Outcome of Agriculture/Fisheries Council of December 2003


    Reform of tobacco, olive oil, cotton and hops sectors

The Council held a debate on the Commission's legal proposals. On olive oil, Commissioner Fischler stressed the importance of a significant de-coupling of the aid and avoiding the disappearance of traditional, ecologically important groves by keeping an element linked to production. As to cotton, Mr Fischler insisted that the proposal to keep 40% of the aid coupled would on the one hand avoid abandonment of production, on the other would not lead to a further boost in cotton production with its negative impact on the environment. On tobacco, the Commissioner rejected the idea of a partial decoupling. "This would mean that producers would just grow tobacco to receive their premia. This would neither be in line with the objective of sustainable development, nor with the reform goals to achieve more market orientation and quality production." As to hops, he stressed the importance that the membership in producer organizations be voluntary.

    Situation on the European pork market

Due to the current crisis situation in the pork sector, several delegations asked the Commission to introduce market support measures. " I share the view that the pig meat market in the present crisis must be supported. The Commission submitted therefore a proposal to the Management Committee to introduce aid for private storage. Applications for this aid can be lodged as from Monday, 22 December 2003 and the conditions for this measure are the same as last year. The reintroduction of refunds however would be a step in the wrong direction. Since summer 2000 the refunds for these products have been put to zero and nevertheless our operators succeeded to participate actively in the world trade. We should continue this policy. In addition, the reintroduction of refunds would increase the international criticism of this instrument and our future work within the framework of the WTO negotiations would become more difficult"", Mr Fischler said.


The Council decided to reduce the rate for compulsory set-aside for cereals from January 2004 in order to stabilise the EU grain market which has been negatively affected by this summer's drought.

    US wine imports

In the light of the ongoing EU-US negotiations on a bilateral agreement on trade of wine, the Council adopted a Commission proposal to extend the derogation that authorizes the marketing in the European Union of the US wines which underwent oenological practices not admitted by the EU.

    Basmati rice

The UK raised the issue of Basmati rice.
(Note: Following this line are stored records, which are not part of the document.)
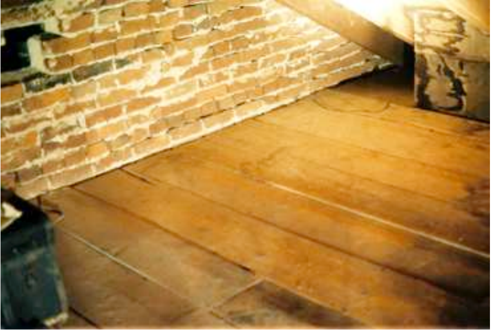
Figure 4. Attic of the Shriver House- The site of the shooting of the Confederate sniper.

The area under the porthole was then exposed to the Bluestar® Latent Bloodstain Reagent and the results were photographically documented. A chemiluminescent reaction was observed in the area under the porthole showing a pattern consistent with a cloth or mop having been used to wipe up in the area. The reaction was clearly visible but of a lesser intensity as than previously observed with stains of modern origin (Figure 5). Also noted is that a distinct line of demarcation was observed at the edge of floorboards a few feet from the porthole. It was learned that the boards that did not react had been replaced during restoration and were not the same boards in place during the battle.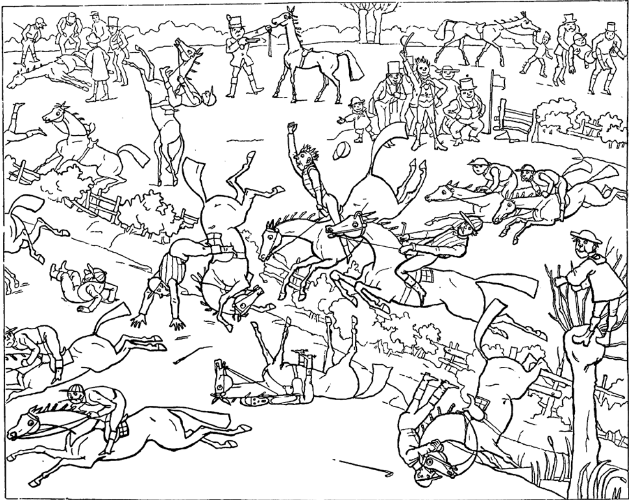
YE NATIONAL SPORTE !!! OF STEEPLE-CHASYNGE.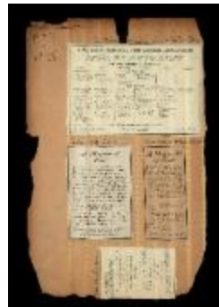
Press clippings 3: 1927-1931 May, 1940-1941 (NS030101_PC_03_OCR)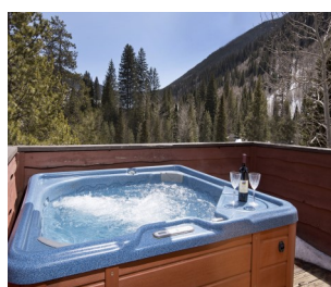
Under Contract by East Vail Team 4277 Columbine Drive $695,000 - asking price 2 bedrooms & mountain views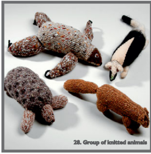
28. Group of knitted animals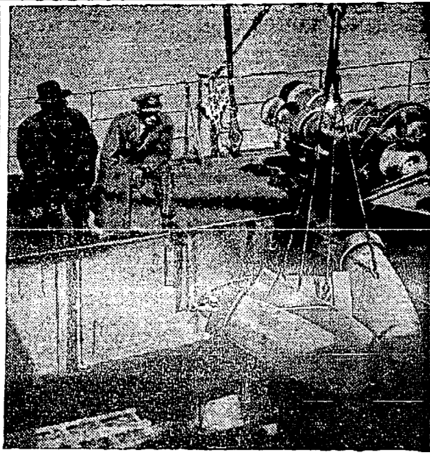
Canada Supplies for Britain Will Help Shorten the War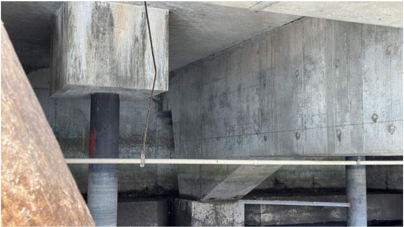
Tags: Pile Caps Date taken: 03/12/2025 Media 199: Bent 44, P-44, Underside between bents 44 and 45.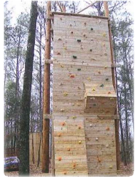
Challenge Course Tower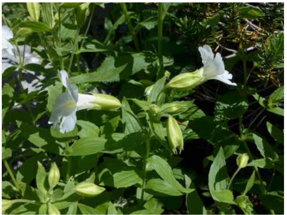
Rare albino Lewis monkeyflower.

However, pollination is often not involved in albino rarity because anthocyanins do more than just color the flowers. They occur throughout plant tissue and have been shown to protect the leaves and stems from damage by too much solar radiation. Anthocyanins and especially their flavonoid precursors also help protect plants against diseases and insect pests. So anthocyanins and the genetic machinery that make them have a number of functions besides just coloring the flowers and helping attract pollinators, although this is probably what is most noticeable continued on page 8

The Commission is currently reviewing the import regime for basmati rice from India and Pakistan with the aim of having a more accurate definition of the rice that can benefit from the duty abatement of EUR 250 per ton. The objective is to tighten control of imports of Basmati rice, that are recognised by all the parties involved to be subject to a high risk of fraud. The Commission believes that a differentiation between traditional and hybrid varieties of rice is warranted. Only traditional varieties with the highest market prices should benefit from the abatement. Another aspect which is just as important is the consideration that the current regulation dating from 1996 specifies that the abatement is also given to hybrid varieties, as the price of certain varieties of hybrid basmati rice were around the same level as the price of pure line varieties. Prices have since evolved and clearly show that hybrid varieties do not play in the same market as traditional varieties.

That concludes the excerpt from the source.